I was about 11 years old and somehow had managed to convince my mother to take me to a nearby stream for the opening day of trout season. Back then, the season started at 5 a.m., but my mother saw no need for me to be there quite that early. As I recall, she dropped me off around 7 that morning with specific instructions regarding when and where she would pick me up later in the afternoon.
I shivered as I made my first few casts, partly from the chilly air of that April morning and partly from the anticipation of the moment. As I watched my line drift along with the sparkling currents, I was certain one of the speckled beauties that were surely hiding there would grab my bait any second now. I'm not sure where all that optimism came from, but I would need all I could muster as things turned out, because I fished the entire day without a single bite.
Less than a half hour of fishing time remained as I approached yet another pool on the little stream. I impaled a fresh garden worm on my hook, flipped the bait into the water, and allowed the current to carry the offering beneath the undercut bank across from me. As I held the line between the fingers of my left hand, I felt three sharp tugs that went through me like an electric shock. A bite, at last.
Taking a deep breath, I reared back with my rod tip to set the hook, but I brought back only an empty hook. My young fingers trembled as I rebaited my hook and drifted the worm under that bank twice more with no results. On the third try, however, the line stopped, and I again felt the slight throbbing of a fish at the other end. I gave a mighty heave, and my first trout sailed past my shoulder and into the woods behind me.

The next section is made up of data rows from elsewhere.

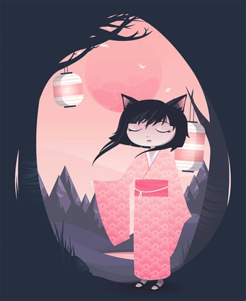 MisterISK's illustrations use a lot of pastel colors, geometric shapes and soft gradients to create charming cute pieces of vector art. These details are then reflected in the background. So although her work has a focal point being the character(s), her backgrounds are a supporting feature without it overshadowing the main centralized character.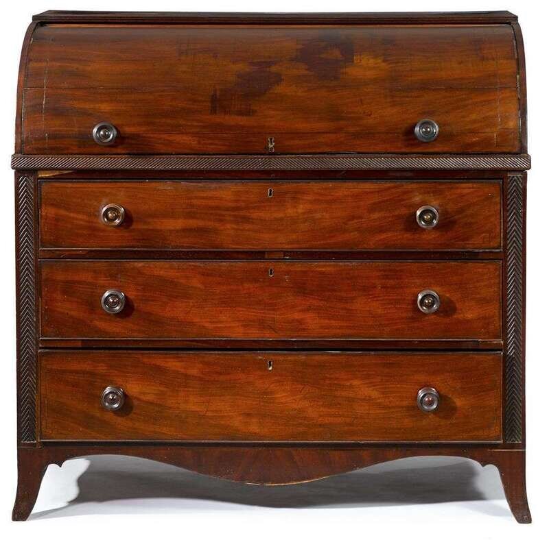Federal mahogany cylinder desk attributed to george hendree (1792-1834), richmond, va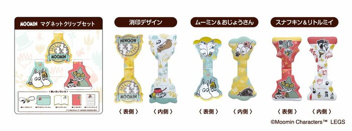 ムーミンとその仲間たちがデザインされたマグネットクリップです。「消印デザイン」「ムーミン&おじょうさん」「スナフキン&リトルミイ」の3種類のデザインがセットになっています。しおりや、ケーブルバンドなどとして活用できるアイテムです。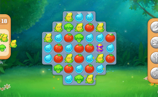 You are visiting your grandmother in her cozy village where she welcomes you with touching stories from her youth. This match-3 game invites you to help her in her vegetable garden while completing missions for the friendly villagers. Match three or more identical vegetables to harvest them and earn precious stars with every completed level. These stars allow you to fulfill the villagers' requests and progress through your grandmother's heartwarming story. Create strategic power-ups by forming special combinations: the rocket that clears a full line, the spinner that destroys targets, the bomb that causes a massive explosion, or the rainbow flower that removes all vegetables of the same color. The colorful graphics and daily bonuses make each game session enjoyable and relaxing. Perfect for short breaks, this game combines clever challenges with a comforting atmosphere that immerses you in the peaceful life of the village. Enjoy!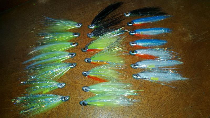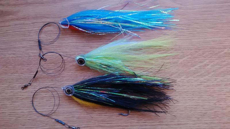 Te sa dla ciebie, niestety oczka zamowilem w Orvisie bo gdzie indziej nie mieli a ci idioci wyslali mi z US i tak trzeci tydzien jestem w d...e. Wielkosc okolo 15-17 cm, lataja super, wszystkie z gotowym juz przyponem tytanowym 30 lbs by tylko zapiac/zawiazac i rzucac. Dojdzie jeszcze dlugawa ale cienka imitacja wegorza i cos ekstra, ciut inaczej zrobione ale dalej leciutkie i latwe w operowaniu. W tych muchach masz praktycznie same syntetyki oprocz bucktaila na podtrzymanie do gory, swietny jest DNA Holo Fiber, mieni sie na wszelkie mozliwe sposoby :)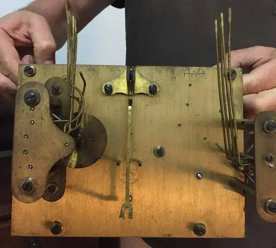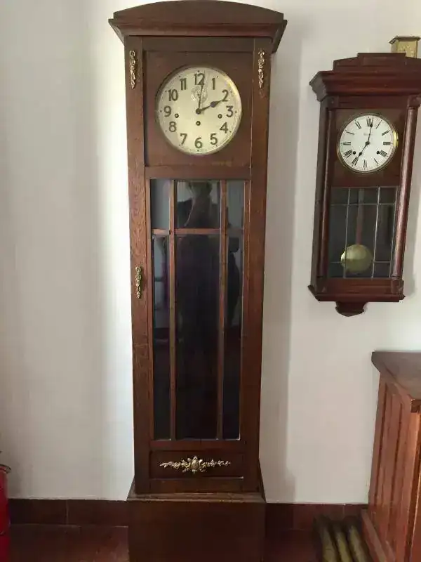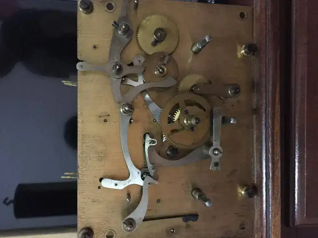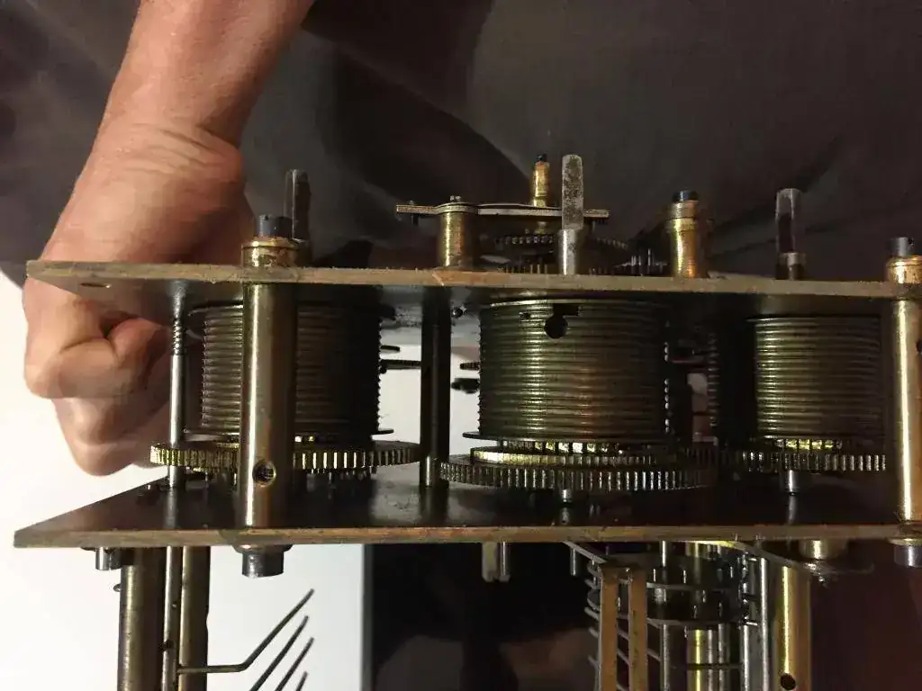 Hola a todos , a mi colección incorporé un reloj carrillon de pie junghans con segundero y las pesas con sistema de poleas , que nunca los había visto así. La máquina está para limpiar y poner el hilo . Lo que me llama la atención es el peso de las pesas una está pesando 12 ,800 kilos , otra 8,500 kilos y la otra de 6 kilos. Parecería que son originales del reloj . Si alguien lo conoce o vio alguno me podrían decir si el peso es el correcto? Gs. Saludos. Subo algunas fotos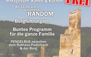 Am Sonntag, 21.06.2026 steht das Gelände ganz im Zeichen des 25-jährigen Jubiläums. Die Besucher erwartet ein Buntes Programm für die ganze Familie. Burgführungen, Aktionen für Kinder, Feierstunde zum Jubiläum unter Mitwirkung der örtlichen Kindergärten. Ab 14 Uhr musikalische Unterhaltung mit dem Guitarrenduo Random. Für das leibliche Wohl mit Mittagessen, Kaffee und Kuchen, kalten Getränken und Snacks ist bestens gesorgt. Weiter gibt es Informationen über die Arbeit des Fördervereins der letzten 25 Jahren zum Erhalt des Wahrzeichens des Puderbacher Landes. Aufgrund der begrenzten Parkplätze fährt ab 11.45 Uhr ein kostenloser Pendelbus zwischen dem Burggelände und dem Buswendeplatzes am Rathaus[...]

I instantly pounced on the flopping fish, a hatchery brook trout about 10 inches long. Catching that trout that day launched an odyssey that would in part shape the rest of my life. A couple of years later, I developed an interest in fly-fishing and fly tying. I became a fly-fishing guide and tied flies professionally. When I started my outdoor writing career, my first several articles were about trout fishing.
After that first successful opener, the first day of trout season was always an important springtime ritual for me during the next 20 years or so. But as my fishing skills and experience progressed, dealing with the crowds and hoopla started to make opening day less appealing or necessary. Finally, I reached a point where I often found other things to do on opening day, or I waited until later in the day after the crowds of anglers had thinned out.
This spring, however, I felt the urge to revisit my trout-fishing roots and be out there at the opening bell on the first day of the season. I decided that it would be fitting to return to the stream where I fished for trout the first time, although sadly, the spot where I caught my first trout is now posted against fishing.
I don't have to remind my fellow anglers just how lousy the conditions were last Saturday for the first day of trout season. But in spite of the rain, cold and high water, I managed to catch several nice brook trout, which helped to satisfy my nostalgia streak.
Although I love to eat fish, I never cared that much for trout, so although I have caught thousands of trout during my fishing career, I rarely if ever kept many of them to eat. My grandmother, however, enjoyed trout, and every spring until she passed away in 1987 at the age of 94, I would always bring her several trout, which she liked to pan-fry for breakfast.
As a tribute to all the trout breakfasts with my grandmother, I decided to keep a few of those brook trout this year for my own breakfast. I fried them in bacon fat, just as she did. I know the cholesterol-conscious cooks of today would probably balk at that cooking suggestion, but they taste so good that way, and the memories they evoked made it even better.